Edit 1: with Professor's Vector answer I tried
\begin{align} A(x) &= \sum\limits_{k=1}^n a_k x^k \\ A(x^{-1}) &= \sum\limits_{k=1}^n a_k x^{-k} \\ x^{n+1} A(x^{-1}) &= \sum\limits_{k=1}^n a_k x^{n-k+1} = B_n(x) \\ A_n(x) &= x \sum\limits_{k=1}^n k A_{n-k}(x) \\ x^{n+1}A_n(x) &= x \sum\limits_{k=1}^n k x^{n+1} A_{n-k}(x) \\ x^{n+1}A_n(x^{-1}) &= x^{-1} \sum\limits_{k=1}^{n} k x^{-n-1} A_{n-k}(x^{-1}) \\ x^{n+1}A_n(x^{-1}) &= x^{-1} \sum\limits_{k=1}^{n} k x^{-2n+k-2} x^{n-k+1} A_{n-k}(x^{-1}) \\ x^{n+1}A_n(x^{-1}) &= x^{-2n-3} \sum\limits_{k=1}^{n} k x^{k} x^{n-k+1} A_{n-k}(x^{-1}) \\ B_n(x) &= x^{-2n-3} \sum\limits_{k=1}^{n} k x^{k} B_{n-k}(x) \\ \end{align}
but this is obvious wrong. Maybe mistake of myself?
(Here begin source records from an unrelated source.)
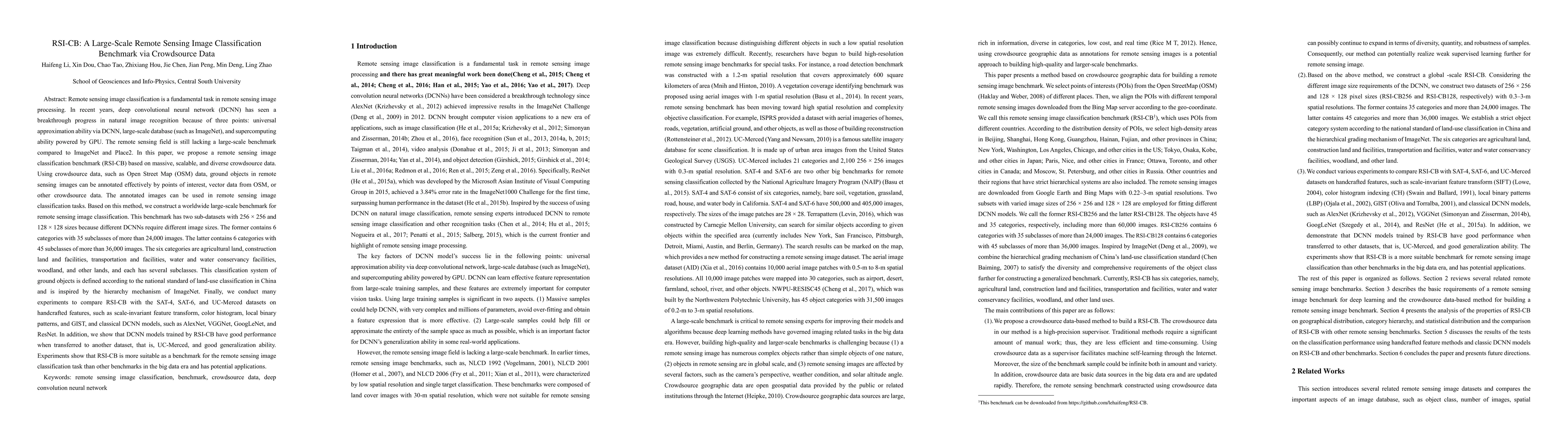 This paper proposes RSI-CB, a large-scale remote sensing image classification benchmark constructed from crowdsource data, aiming to address the lack of such benchmarks in remote sensing. It includes two sub-datasets with over 60,000 images categorized into 6 main categories and various subclasses, and compares its performance with other datasets using both handcrafted features and DCNN models.
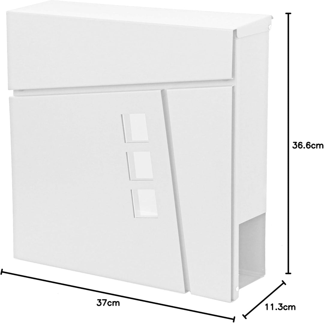 • Inkl. 2 Schlüsseln und Montagematerial | Mit praktischem Zeitungsfach | Front mit 3 Sichtfenstern | Material: galvanisierter Stahl, pulverbeschichtet | Zylinderschloss | Grosser Einwurf | Leichte Montage
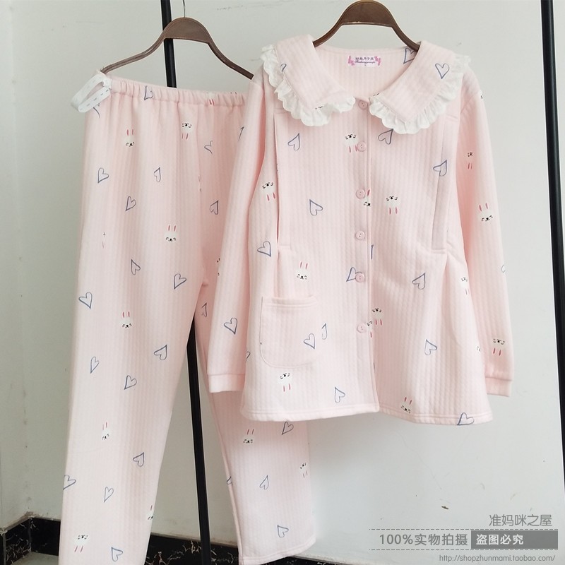 สตรีมีครรภ์ชุดนอนฤดูหนาวเพิ่มความหนาชุดอยู่เดือนหลังคลอดฝ้าย100% ขนาดใหญ่260ปอนด์200สามชั้นบางควิลท์กันหนาวชุดอยู่บ้าน
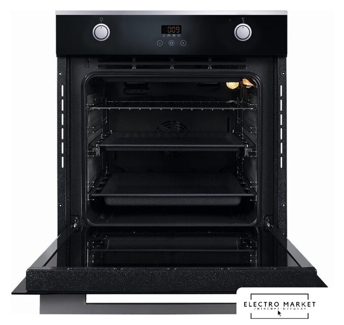 электрический с конвекцией, объем 65 л, 8 режимов, очистка паровая, 2 стекла в дверце, направляющие проволочные + телескопические (1 уровень)
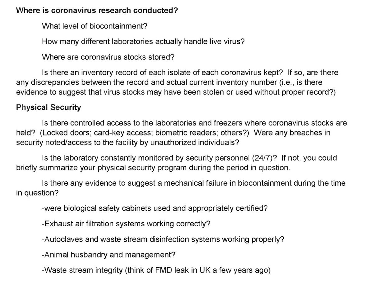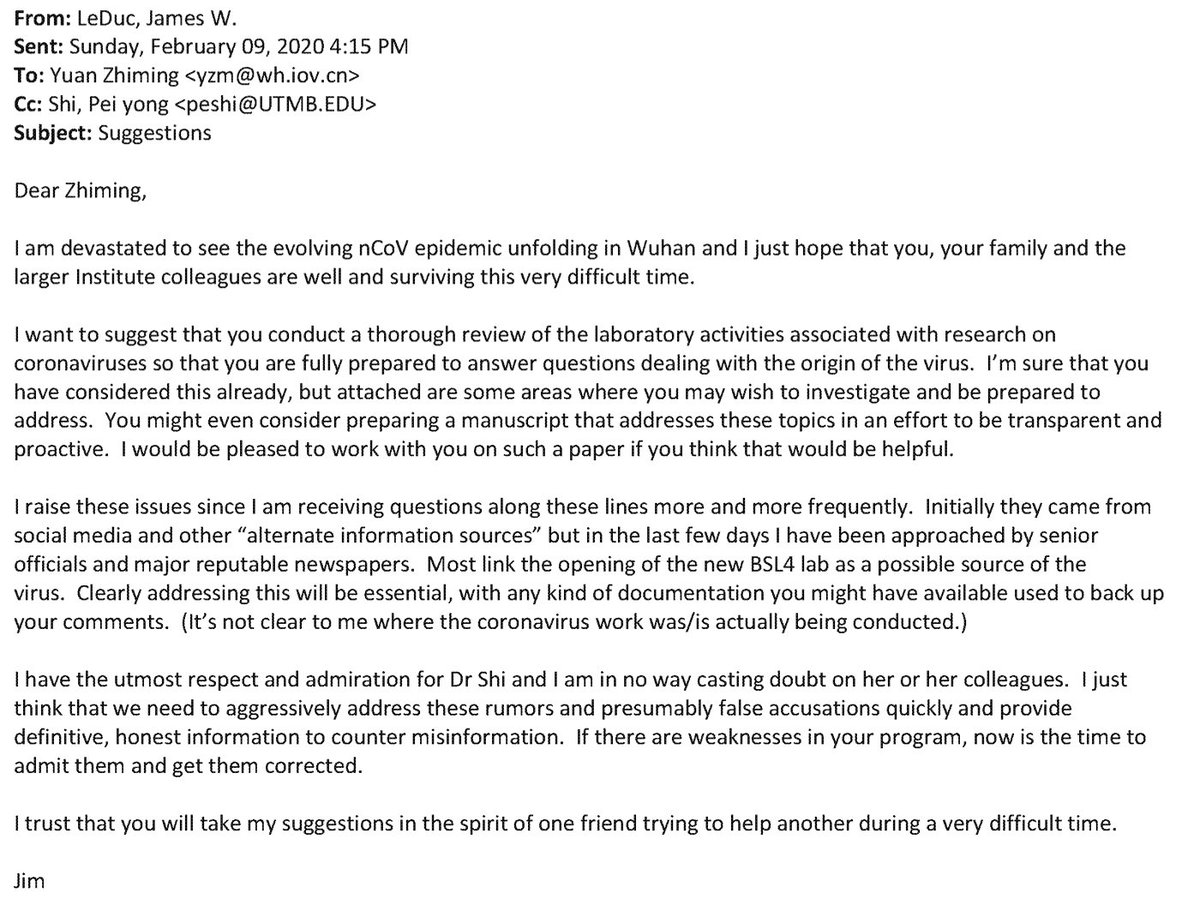The level of biosafety and containment of viruses was a key concern (privately) expressed by top experts on biosafety/virology. See email from James Le Duc, director of the Galveston National Laboratory, which collaborated with and trained WIV staff. usrtk.org/wp-content/upl…

There are too many errors in your calculation to point them out one by one. You have to start from $$A_n(x) = x \sum_{k=1}^{n} k \, A_{n-k}(x).$$ Then $$A_n(x^{-1}) = x^{-1} \sum_{k=1}^{n} k \, A_{n-k}(x^{-1})$$ $$x^nA_n(x^{-1}) = \sum_{k=1}^{n} k \, x^{n-1}A_{n-k}(x^{-1})=\sum_{k=1}^{n} k \, x^{k-1}x^{n-k}A_{n-k}(x^{-1}).$$ With $B_n(x)=x^nA_n(x^{-1}),$ this is $$B_n(x) = \sum_{k=1}^{n} k \, x^{k-1}B_{n-k}(x).$$